Storing BLOBs, CLOBs and XML in SQL

In this blog post, I will explore how to use OPENROWSET in SQL to perform operations for BLOBS, CLOBS, external XML files etc.
Storing BLOBs
BLOBs are binary large objects. To store BLOBs we will use the OPENROWSET keyword in SQL. Let's take a look at the SQL first.
declare @BlobTable table(blob_path varchar(150), blob_storage varbinary(max))
insert into @BlobTable (blob_path, blob_storage)
select 'C:\abc.txt' ,
* from openrowset(bulk 'C:\abc.txt', single_blob) as document
select * from @BlobTable
First we create a table to hold the blob object. This column is of type varbinary(max) and then we insert the file text into this column using OPENROWSET. The option single_blob returns the contents as single row, single column rowset of type varbinary(max).

Storing CLOBs
CLOBs are character large objects.
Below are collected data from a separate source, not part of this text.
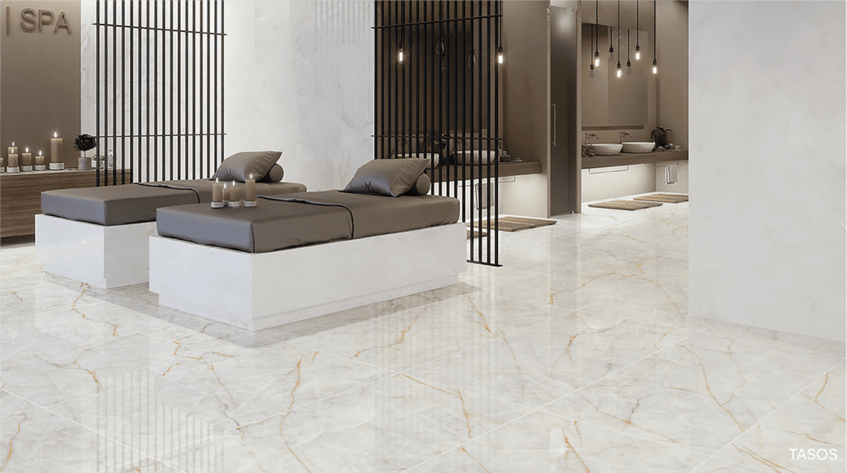 TASOS porcelain marble tiles bring sophisticated elegance to any space with their authentic gold marbling patterns. These 60x120cm floor tiles feature a matte glazed finish that combines visual warmth with practical durability. The refined veining mimics natural marble while offering superior resistance to wear, moisture, and staining—ideal for high-traffic areas.  Perfect for creating statement floors that balance luxury aesthetics with long-lasting performance.
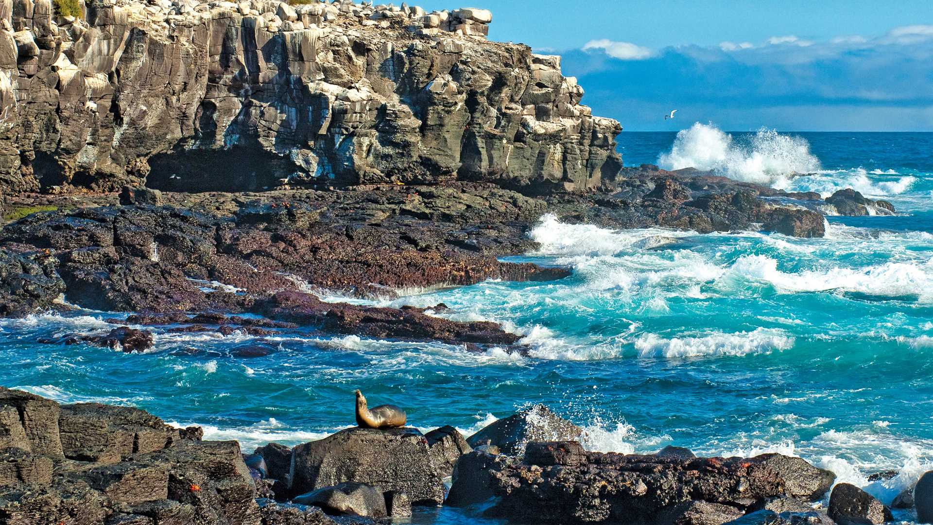 When you disembark at Punta Suárez on Española Island for a scenic hike along the coast, prepare to be wowed by wildlife. There are so many marine iguanas, Galápagos sea lions, swallow-tailed gulls, blue-footed boobies, and Nazca boobies that you actually have to watch your step. Even more striking? The feeling of pure wonder you experience as you witness waved albatross circling above, preparing to land. Or blue-footed boobies engaging in their epic mating dance. And the view, once you reach the furthest point in your hike—a promontory of dramatic cliffs with an oceanside blowhole rhythmically spouting a geyser of water against a backdrop of pounding waves—will capture your imagination and leave you with memories to last a lifetime.
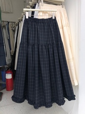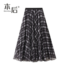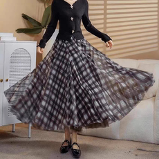 春秋格子半身裙女复古新款大码中长款a字裙大摆裙高腰显瘦长裙潮
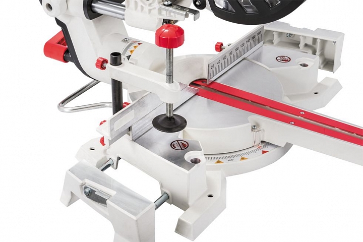 Точность в работе и простота настройки обеспечиваются высокой жесткостью конструкции, все основные части которой (рабочий стол, маятниковый рычаг, шарнирный узел) отлиты из алюминиевого сплава. Модель оборудована встроенными раздвижными расширениями рабочего стола, они выполнены из алюминиевого литья и снабжены откидными концевыми упорами.
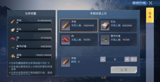 仓库募集,只需要木头/石头/草木纤维/肉。
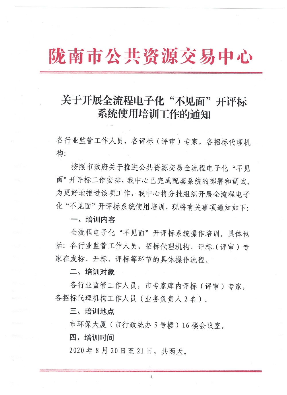 關(guān)于開展全流程電子化“不見面”開評(píng)標(biāo)系統(tǒng)使用培訓(xùn)工作的通知
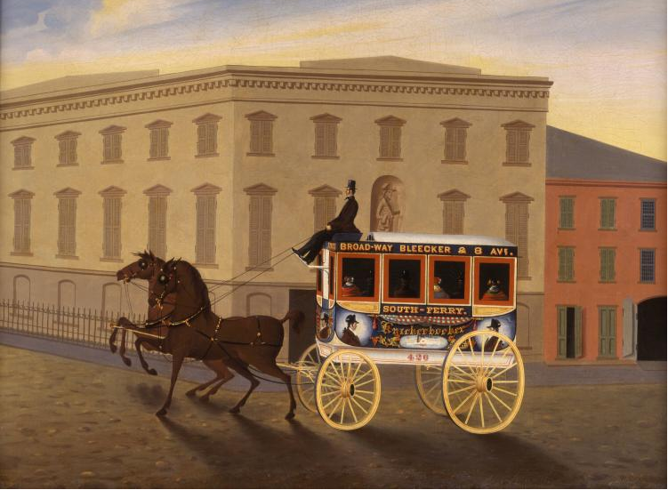 Maker onbekend - Knickerbocker Stage Line Omnibus, New York City, rond 1850 (cropped). Credit: New-York Historical Society. Op deze afbeelding is het goed te zien: een vrij wankel voertuig op houten wielen op een oneffen weg. De koetsier hoog op zijn bok heeft maar weinig controle over wat er gebeurt.
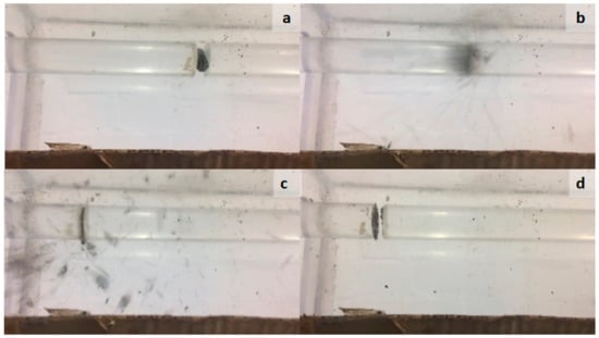 Quasi-static mechanical tests give the mechanical response of biomass pellets at low strain rates (10−4–100 s−1) []. However, the actual strain rates experienced during milling are significantly higher. The Split Hopkinson pressure bar (SHPB) test provides a method of measuring the dynamic response of biomass pellets at high strain rates. Using a high speed camera (iPhone 5s, 120 frames per second), the dynamic response of a mixed wood pellets in the diametral orientation was recorded (Figure 8). Initially, the pellet was suspended between the incident and transmission bars (Figure 8a). Subsequently, the incident bar was hit by the striker and compressed the specimen into the transmission bar (Figure 8b). Both bars and the specimen travel horizontally until the transmission bar hits the stop and reverses direction, and then collides with the incident bar (Figure 8c). The energy transfer causes the transmission bar to accelerate away from the bar, resulting in the specimen material being released in an explosion-like manner. At the end of the test (Figure 8d), the pellet has completely disintegrated, and a small amount of pellet has been deposited on the contact faces of the bars.
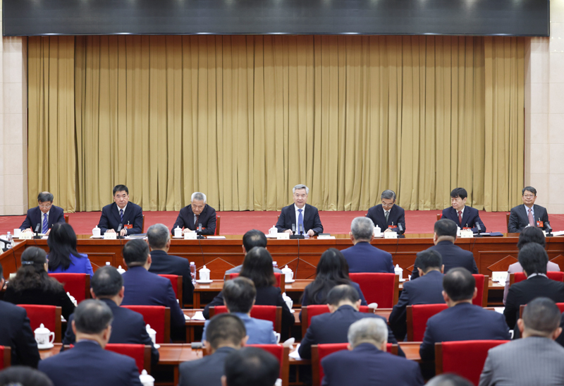 3月6日,中共中央政治局常委、全国政协主席王沪宁参加全国政协十四届二次会议少数民族界委员联组会。新华社记者 申宏 摄
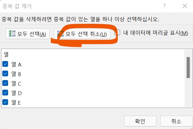 4. [모두 선택 취소]를 누르니, 열의 선택버튼이 모두 사라졌다.
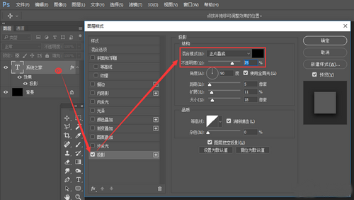 3、右键点击文字图层选择混合选项,进入图层样式设置界面。首先添加投影效果,混合模式设置为正片叠底,颜色选用深灰色(#2d2d2d),不透明度调整为65%,角度120度,距离8像素,扩展10%,大小12像素。

To store CLOBs we will again use the OPENROWSET keyword in SQL. The SQL statement looks like -
declare @ClobTable table(clob_path varchar(150), clob_storage varchar(max))
insert into @ClobTable (clob_path, clob_storage)
select 'C:\abc.txt' ,
* from openrowset(bulk 'C:\abc.txt', single_clob) as document
select * from @ClobTable
The only 2 differences between this statement and the one above is that here the clob_storage is defined as varchar(max) and the option provided to OPENROWSET is single_clob. The option single_clob returns the contents as single row, single column rowset of type varchar(max). It reads the file provided in ASCII.

Storing NCLOBs
The only difference between storing CLOB and NCLOB is that the datatype used is nvarchar(max) and the file should be saved with UNICODE encoding. The SQL statement looks like:
declare @NClobTable table(clob_path varchar(150), clob_storage nvarchar(max))
insert into @NClobTable (clob_path, clob_storage)
select 'C:\abcUnicode.txt' ,
* from openrowset(bulk 'C:\abcUnicode.txt', single_nclob) as document
select * from @NClobTable
Inserting/Updating XML from file
MSDN website says that we should import xml data using the single_blob option only, rather than single_clob and single_nclob option as only single_blob option supports all windows encoding conversions. Let's take a look at an example
declare @New_varbinary varbinary(max)
set @New_varbinary = (select * from openrowset(bulk 'C:\abc.xml', single_blob) as document)
update TableWithXmlColumn 
set TheXmlColumn = @New_varbinary
where SomeId = 1653
Difference between varbinary, varchar, nvarchar
nvarchar is used to store UNICODE data while varchar is used to store ASCII data. We should use nvarchar if the database requirements are for multilingual support. This will allow for extended set of characters. If the data stored not need any multilingual support than we should use varchar. The reason being nvarchar uses twice as much space as varchar to support extended character codes. These data types in SQL are categorized in different categories: varbinary belongs to binary strings category. varchar belongs to character strings category and nvarchar belongs to Unicode character strings.